On Patricia's sage advice, here is the webiste for Freecycle in Toronto -- it's a kind of free Craig's List.

February 27, 2008

Mr. Bug has no problem with coal

I spent a few days down in West Virginia looking into where we in Ontario get much of our coal. It was eye-opening. If you haven't had time to read the article, then check out the slide-show (same page). It's a Cole's Notes version.

One of the most damaging thing about mountaintop removal coal mining is the valley fills it creates. Basically, they lop the top third of a mountain off and then pitch it all into the valley below.

Some people who live in those valleys are understandably upset about it. And they've started to take the companies, and the government to court -- first for doing it, and then for allowing them to do it.

This has inspired a Pro-Coal group in the area called "Friends of Coal." It's funded by Walker Machinery, a company that's in the business of providing mining equipment -- and fixing it --  for these very mines. The owner of the company, Steve Walker, says the locals opposing the mines "range from uninformed citizens to eco-terrorists." The water coming off these mine sites are "almost completely cleaner than the water that's already there," he says.
And then the biggest threat -- without mining, the state will have to turn to gambling to make money.

His company has funded this ad. It's an enlightening picture of American politics around global warming.

-- Catherine Porter

February 22, 2008

Challenge 6 -- We just want to say one word...

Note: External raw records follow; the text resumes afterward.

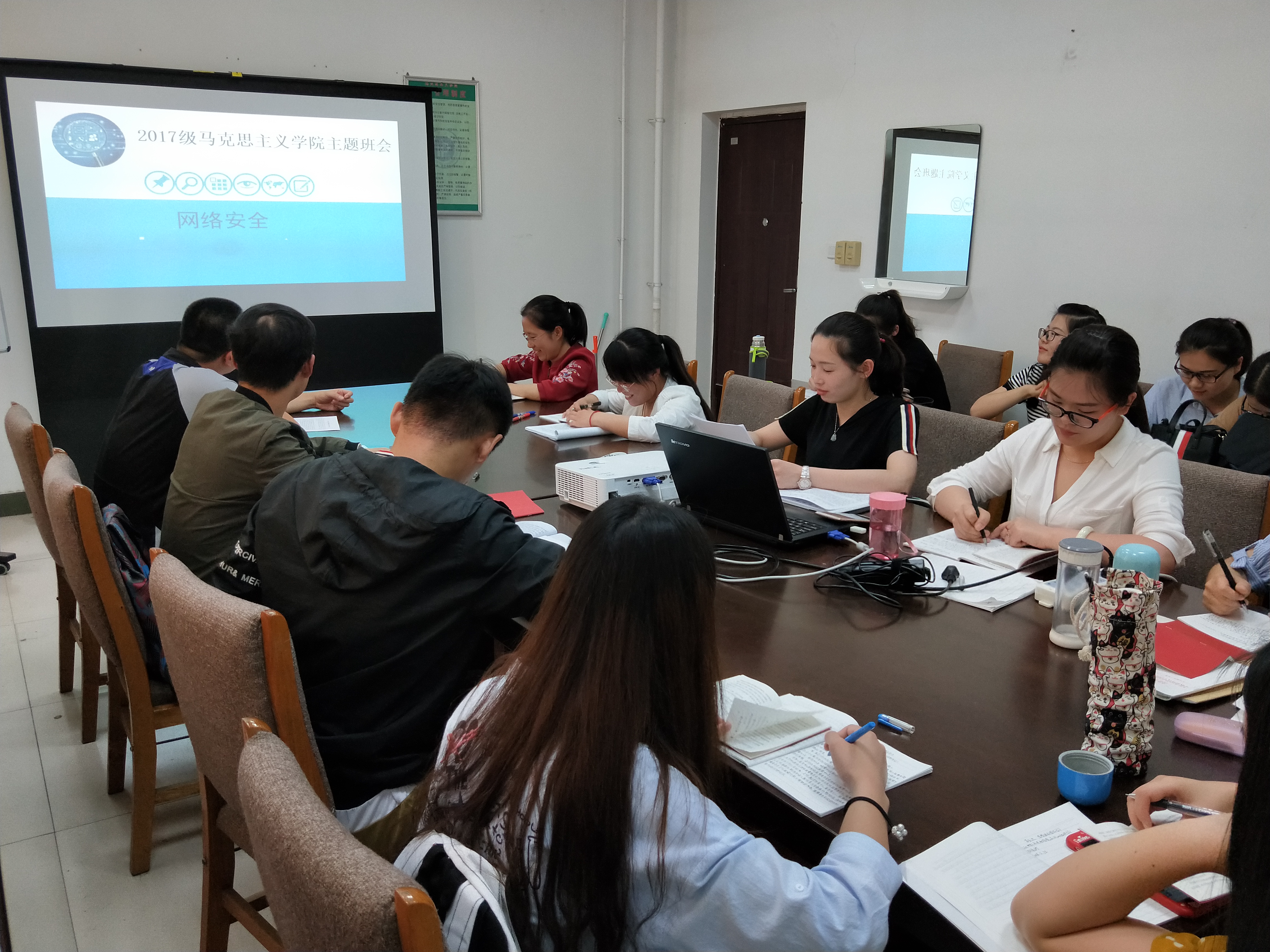 为加强网络安全教育宣传,营造安全、健康、文明、和谐的网络校园,5月15日,马克思主义学院组织2017级全体研究生于文科楼225召开网络安全教育主题班会。
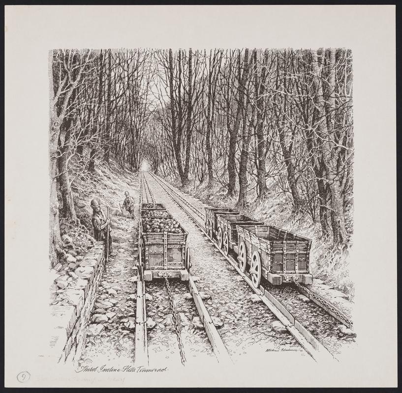 Black and white print showing horse-drawn trams at the head of Cwm Llanwenarth making a return journey to Blaenavon Ironworks. Artists signature and date '84' printed bottom right.
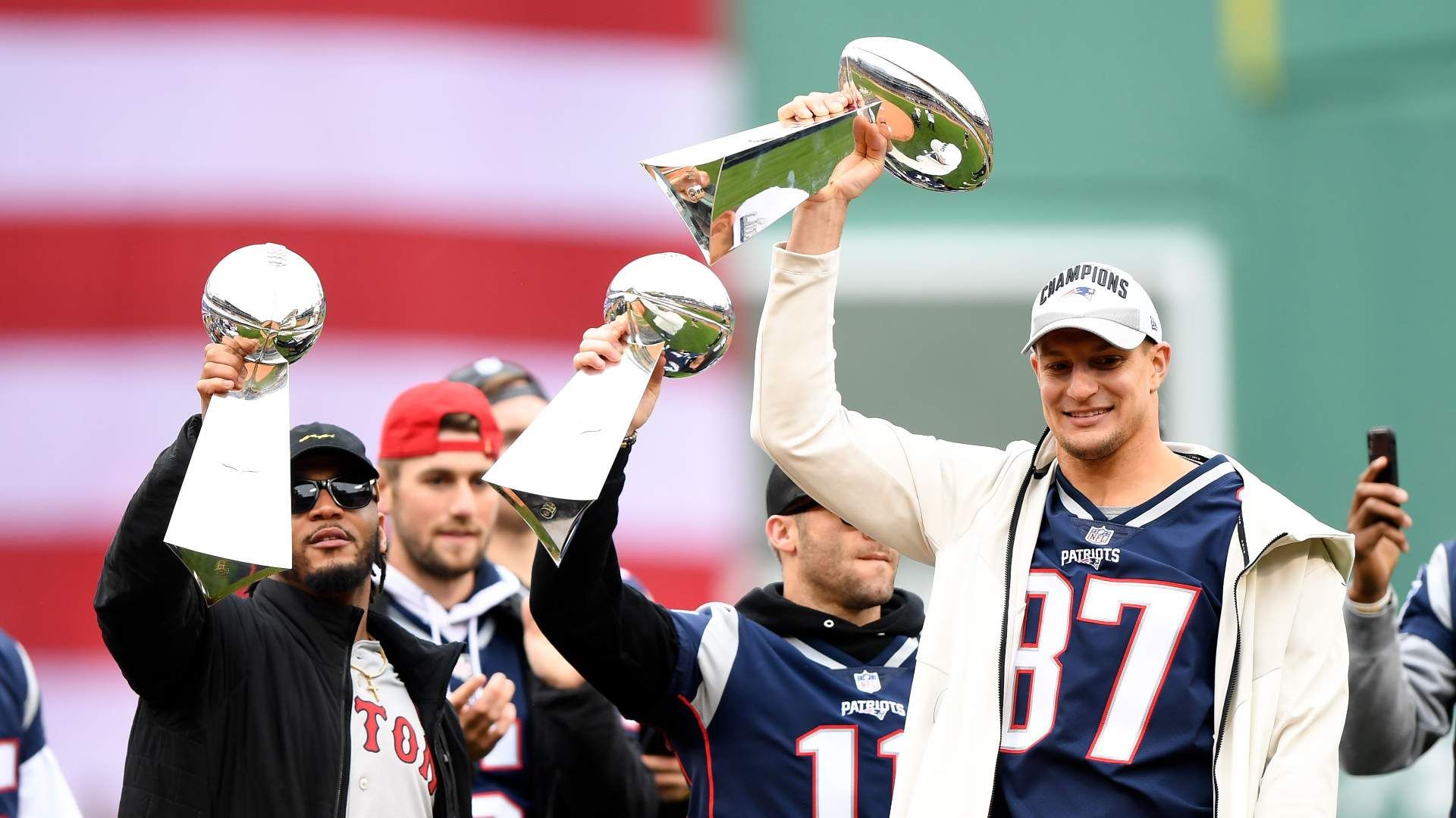 Apr 9, 2019; Boston, MA, USA; Retired New England Patriots player Rob Gronkowski holds up a Lombardi Trophy before a game between the Boston Red Sox and the Toronto Blue Jays at Fenway Park. Mandatory Credit: Brian Fluharty-USA TODAY Sports
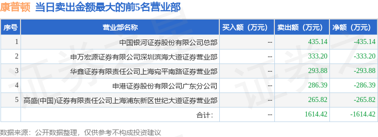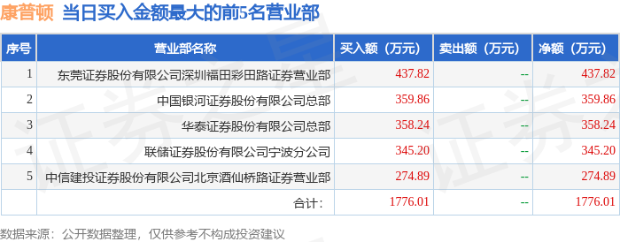证券之星消息,沪深交易所2026年1月27日公布的交易公开信息显示,康普顿(603798)因有价格涨跌幅限制的日收盘价格跌幅偏离值达到7%的前五只证券登上龙虎榜。此次是近5个交易日内第1次上榜。
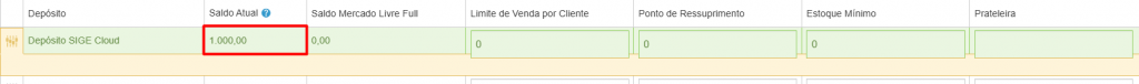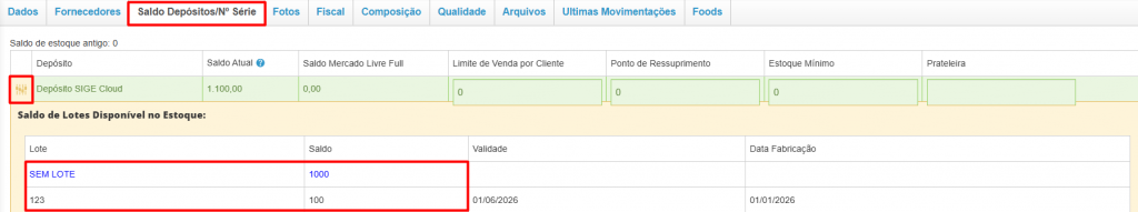 Em nosso exemplo, é possível confirmar que não há mais saldo em estoque controlado por Lote do produto “Calça Jeans” no Depósito SIGE Cloud.
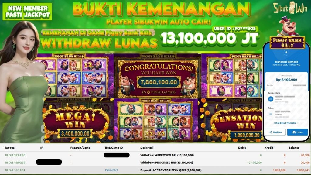 BUKTI KEMENANGAN 18 October 2025 DI GAME Piggy Bank Bills 13,1 JUTA
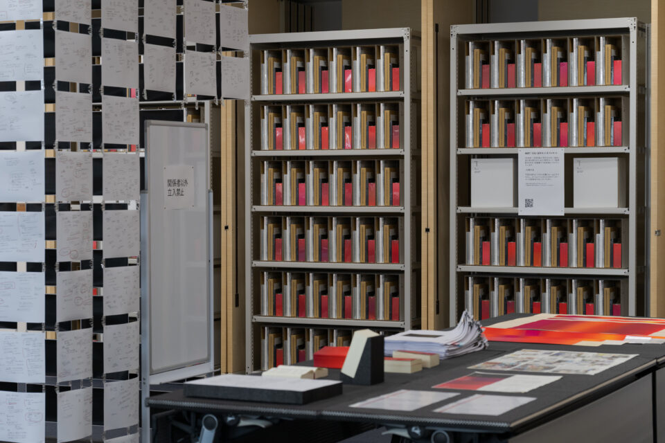 The venue was a Hakuhodo conference room, which is usually only open to related parties. The room had a system ceiling and carpet tiles. Whiteboards, OA furniture and fixtures. With the restriction that, in principle, no construction work could be done, the idea was to make use of the nostalgic atmosphere of a standard office space, and to make it work as an exhibition space. Most of the fixtures were provided by the conference room.

This week we just want to say one word to you — just one word — “Plastics.”

But while the businessman who spoke (something like) this immortal line in the 1967 film The Graduate viewed plastics as the key to the future, and fortune, our aim this week is to put them in their proper place.

Plastics are not Satan in shiny disguise. They have many important functions. They’re not so benign, though, when produced at great environmental expense, used briefly, then, tossed away to pile up in landfills or go through an energy-intensive collection, sorting and recycling process.

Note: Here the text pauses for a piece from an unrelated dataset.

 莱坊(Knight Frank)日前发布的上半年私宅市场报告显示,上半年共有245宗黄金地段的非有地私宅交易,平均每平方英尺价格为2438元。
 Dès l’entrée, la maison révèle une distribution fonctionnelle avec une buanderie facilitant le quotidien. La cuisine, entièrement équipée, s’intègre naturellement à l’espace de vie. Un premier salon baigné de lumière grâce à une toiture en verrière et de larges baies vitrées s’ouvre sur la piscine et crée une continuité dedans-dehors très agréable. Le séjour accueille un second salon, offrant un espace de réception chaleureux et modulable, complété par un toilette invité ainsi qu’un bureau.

The Challenge: Eschew all major plastic items this week. in particular — no plastic bags, disposable plastic cups and bottles (that includes styrofoam), and plastic wrapping.

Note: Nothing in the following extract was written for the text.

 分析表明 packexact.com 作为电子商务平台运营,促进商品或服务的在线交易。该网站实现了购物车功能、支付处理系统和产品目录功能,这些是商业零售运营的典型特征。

Motivation: Every year, Canadians use about 10 billion plastic shopping bags and 8 billion disposable cups. Each requires just a tiny amount of resources and energy to produce, but the total is huge. This is not only a waste. Production of plastics — mostly from petroleum — emits greenhouse gases. Recycling, when it happens, consumes ever more. It's also sporadic and difficult. Plastics last virtually forever in landfills, and emit toxic fumes if not burned hot enough. Bags create a mess in the environment. Birds and animals can get entangled in, or choke on, carelessly discarded plastic bags. Huge rafts of plastic float in the Pacific Ocean: After the sun breaks them down into their molecular bits, they’re swallowed by jellyfish and other creatures and begin a poisonous trek up the food chain.

Process: The challenge involves five simple steps: Use cloth or other reusable bags for groceries and most other shopping. Keep produce loose instead of bagging it. Get a permanent coffee cup for work. Use a refillable, preferably metal, water bottle. Don’t buy anything in a blister pack or one of those plastic shells that require a chainsaw to open.

The key to this – since reusables require more resources and energy to make — is to keep using them over and over. There is plenty of controversy over whether styrofoam cups are better than ceramic or metal on this score. A 1994 study from the University of Victoria concluded that when you take manufacture and washing into account, you’d need to use a cup 1,006 times until it’s energy consumption got down to that of foam cups. But that analysis is criticized for its assumptions about water use and the fact it ignored the impacts of disposing of all those cups. A more recent study concludes that a ceramic cup beats styrofoam after 46 uses. Unless you’re prone to toss cups at your boss, that’s an easy figure to hit. I’ve used the same favourite coffee cup almost every morning for 10 years.

Of course, since you likely already have an extra cup or mug at home, simply use it and you'll use zero resources and produce zero emissions.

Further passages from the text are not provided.